Analysis: Honestly... Breakout-style games are pretty hard to screw up. There's something inherently appealing about zooming a platform left and right while a careening ball (or pick-axe) slowly but surely decimates everything in sight. There's the tragedy of barely missing a block you were certain you were going to smash, and the triumph of finally taking out that final one that took, like, forever to get. What more do you need? Break Them Out solidly hits all the right notes of the Breakout theme. For a CGDC9 entry, though, you want the variations to succeed as well. In this case they generally do. Discovering all your "friends" makes for a neat little gimmick that will keep you playing. The choice of permanent upgrades acts as a useful balance against the more random aspects of the genre. Finally, I found the visual style interestingly unique. I'm certain that some will think it ugly (and the brown pick-axe against a brown background was sometimes hard to track), but I thought it evoked the graphics of mid-nineties Windows shareware. It might be the nostalgia talking, but I dug it.
There are some negatives to address. For one, I wish that the "Friends" theme had bit better integrated. Some of the competition comments questioned whether the power-ups could have just been represented by magic gems or something, and I have to say they have a point. It would have been nice to see the friends hanging out between levels, or even just have them peek their heads out of the cart during play. A bit more variety in the power-ups would have likewise better established the personality of your in-game "friends", who otherwise felt pretty interchangeable. This might be more of a problem in a longer game, but with just ten levels, you'll probably be left wanting more.
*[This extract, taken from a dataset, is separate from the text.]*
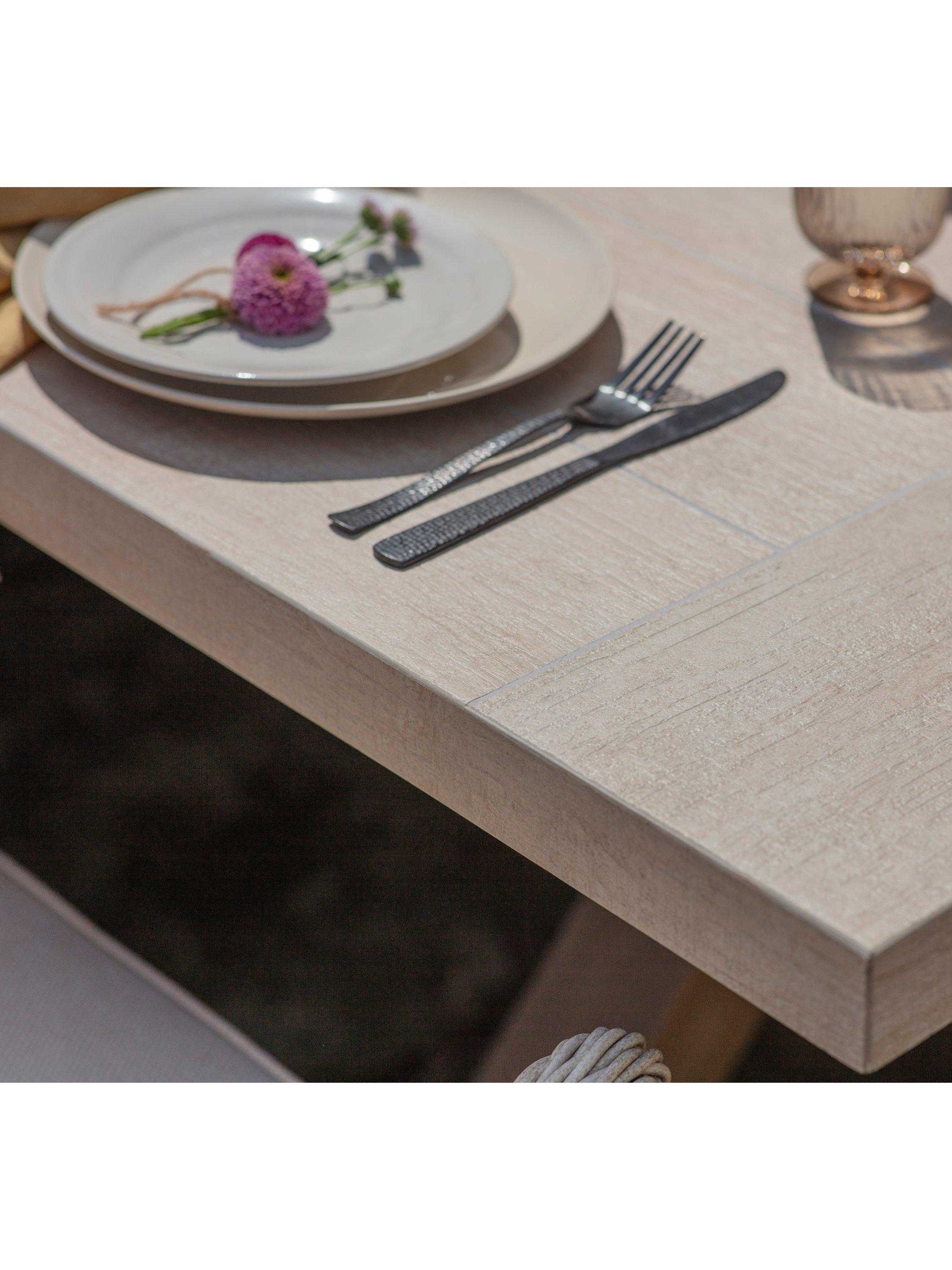 - Rectangular dining table with easy-clean ceramic wood-effect top and cross-frame base
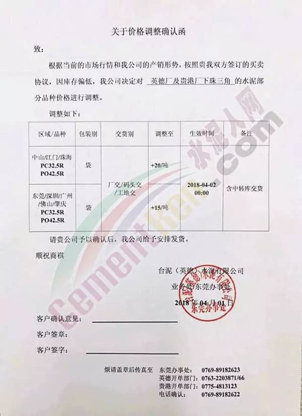 水泥人網(wǎng)通訊員消息,近兩日廣東省部分企業(yè)發(fā)布提價通知,其中臺泥水泥廠的價格調(diào)整確認函提到因庫存偏低決定對英德廠及貴港廠下珠三角的水泥部分品種價格進行調(diào)整。上調(diào)幅度在15~20元/噸不等。

The biggest concern with Break Them Out is its abject familiarity. Yes, Breakout is always fun. But the CGDC looks for innovation too, and it's a little hard to find when the core gameplay hails from 1976. The new in Break Them Out just doesn't outweigh the old. That said, in a competition designed around "Friends", familiarity might not be all that dire a problem. After all, a game based in a classic style can be akin to meeting an old acquaintance for a cup of coffee: the time spent will cause no grand revelations, but you'll be sure to enjoy yourself.
I like it! Only one thing: the cursor moving in the playfield along with my mine-cart. A bit disturbing. (Maybe only in my preferred browser - Opera?)
The cursor shows in the playfield in Firefox too.
I didn't find that as annoying as in some breakout games where the cursor is invisible. In those games, it's impossible to tell that the cursor has gone out of the playing area until the paddle stops moving.
(But I still had trouble with losing control of the mine-cart even with the cursor showing. I guess I need more finesse.)
It's really cute and would be playable if the cart didn't lag every time you break a brick. It means catching the 'ore' is difficult if you also want to catch the shovel!